START Information supplied

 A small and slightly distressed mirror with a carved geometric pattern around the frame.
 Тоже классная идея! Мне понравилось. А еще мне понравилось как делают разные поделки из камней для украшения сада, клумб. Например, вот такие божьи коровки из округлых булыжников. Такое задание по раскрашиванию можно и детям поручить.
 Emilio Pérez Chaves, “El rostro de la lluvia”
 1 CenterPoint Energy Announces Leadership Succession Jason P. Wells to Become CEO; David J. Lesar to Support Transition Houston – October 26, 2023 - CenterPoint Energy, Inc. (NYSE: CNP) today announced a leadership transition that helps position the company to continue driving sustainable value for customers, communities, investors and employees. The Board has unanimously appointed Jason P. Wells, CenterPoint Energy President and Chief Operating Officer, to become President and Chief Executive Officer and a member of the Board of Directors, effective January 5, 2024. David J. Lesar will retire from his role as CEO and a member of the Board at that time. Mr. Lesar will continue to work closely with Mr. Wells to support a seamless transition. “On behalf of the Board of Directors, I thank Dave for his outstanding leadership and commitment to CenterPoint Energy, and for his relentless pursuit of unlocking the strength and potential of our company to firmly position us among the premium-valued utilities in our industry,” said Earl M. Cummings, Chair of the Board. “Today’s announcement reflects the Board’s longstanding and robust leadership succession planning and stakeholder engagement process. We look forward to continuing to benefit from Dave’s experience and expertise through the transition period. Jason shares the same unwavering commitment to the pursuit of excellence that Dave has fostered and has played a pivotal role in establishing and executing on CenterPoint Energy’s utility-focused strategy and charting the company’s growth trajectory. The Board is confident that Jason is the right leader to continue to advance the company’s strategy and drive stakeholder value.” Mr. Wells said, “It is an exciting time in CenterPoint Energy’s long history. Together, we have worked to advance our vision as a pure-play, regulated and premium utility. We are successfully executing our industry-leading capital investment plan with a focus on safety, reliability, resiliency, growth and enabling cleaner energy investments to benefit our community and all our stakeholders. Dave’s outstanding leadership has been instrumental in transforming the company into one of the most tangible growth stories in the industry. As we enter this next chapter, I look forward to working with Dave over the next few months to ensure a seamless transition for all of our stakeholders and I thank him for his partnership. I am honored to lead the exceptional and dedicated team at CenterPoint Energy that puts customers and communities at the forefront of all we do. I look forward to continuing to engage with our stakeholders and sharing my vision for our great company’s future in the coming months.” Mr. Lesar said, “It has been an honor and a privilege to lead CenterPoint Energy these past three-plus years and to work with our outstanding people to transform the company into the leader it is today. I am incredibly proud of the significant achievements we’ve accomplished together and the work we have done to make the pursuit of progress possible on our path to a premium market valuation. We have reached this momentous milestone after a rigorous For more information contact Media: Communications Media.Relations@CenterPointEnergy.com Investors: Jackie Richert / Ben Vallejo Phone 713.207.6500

END Information supplied

Would you output every line of the listing exactly?

→ **Answer space**:
 A small and slightly distressed mirror with a carved geometric pattern around the frame.
 Тоже классная идея! Мне понравилось. А еще мне понравилось как делают разные поделки из камней для украшения сада, клумб. Например, вот такие божьи коровки из округлых булыжников. Такое задание по раскрашиванию можно и детям поручить.
 Emilio Pérez Chaves, “El rostro de la lluvia”
 1 CenterPoint Energy Announces Leadership Succession Jason P. Wells to Become CEO; David J. Lesar to Support Transition Houston – October 26, 2023 - CenterPoint Energy, Inc. (NYSE: CNP) today announced a leadership transition that helps position the company to continue driving sustainable value for customers, communities, investors and employees. The Board has unanimously appointed Jason P. Wells, CenterPoint Energy President and Chief Operating Officer, to become President and Chief Executive Officer and a member of the Board of Directors, effective January 5, 2024. David J. Lesar will retire from his role as CEO and a member of the Board at that time. Mr. Lesar will continue to work closely with Mr. Wells to support a seamless transition. “On behalf of the Board of Directors, I thank Dave for his outstanding leadership and commitment to CenterPoint Energy, and for his relentless pursuit of unlocking the strength and potential of our company to firmly position us among the premium-valued utilities in our industry,” said Earl M. Cummings, Chair of the Board. “Today’s announcement reflects the Board’s longstanding and robust leadership succession planning and stakeholder engagement process. We look forward to continuing to benefit from Dave’s experience and expertise through the transition period. Jason shares the same unwavering commitment to the pursuit of excellence that Dave has fostered and has played a pivotal role in establishing and executing on CenterPoint Energy’s utility-focused strategy and charting the company’s growth trajectory. The Board is confident that Jason is the right leader to continue to advance the company’s strategy and drive stakeholder value.” Mr. Wells said, “It is an exciting time in CenterPoint Energy’s long history. Together, we have worked to advance our vision as a pure-play, regulated and premium utility. We are successfully executing our industry-leading capital investment plan with a focus on safety, reliability, resiliency, growth and enabling cleaner energy investments to benefit our community and all our stakeholders. Dave’s outstanding leadership has been instrumental in transforming the company into one of the most tangible growth stories in the industry. As we enter this next chapter, I look forward to working with Dave over the next few months to ensure a seamless transition for all of our stakeholders and I thank him for his partnership. I am honored to lead the exceptional and dedicated team at CenterPoint Energy that puts customers and communities at the forefront of all we do. I look forward to continuing to engage with our stakeholders and sharing my vision for our great company’s future in the coming months.” Mr. Lesar said, “It has been an honor and a privilege to lead CenterPoint Energy these past three-plus years and to work with our outstanding people to transform the company into the leader it is today. I am incredibly proud of the significant achievements we’ve accomplished together and the work we have done to make the pursuit of progress possible on our path to a premium market valuation. We have reached this momentous milestone after a rigorous For more information contact Media: Communications Media.Relations@CenterPointEnergy.com Investors: Jackie Richert / Ben Vallejo Phone 713.207.6500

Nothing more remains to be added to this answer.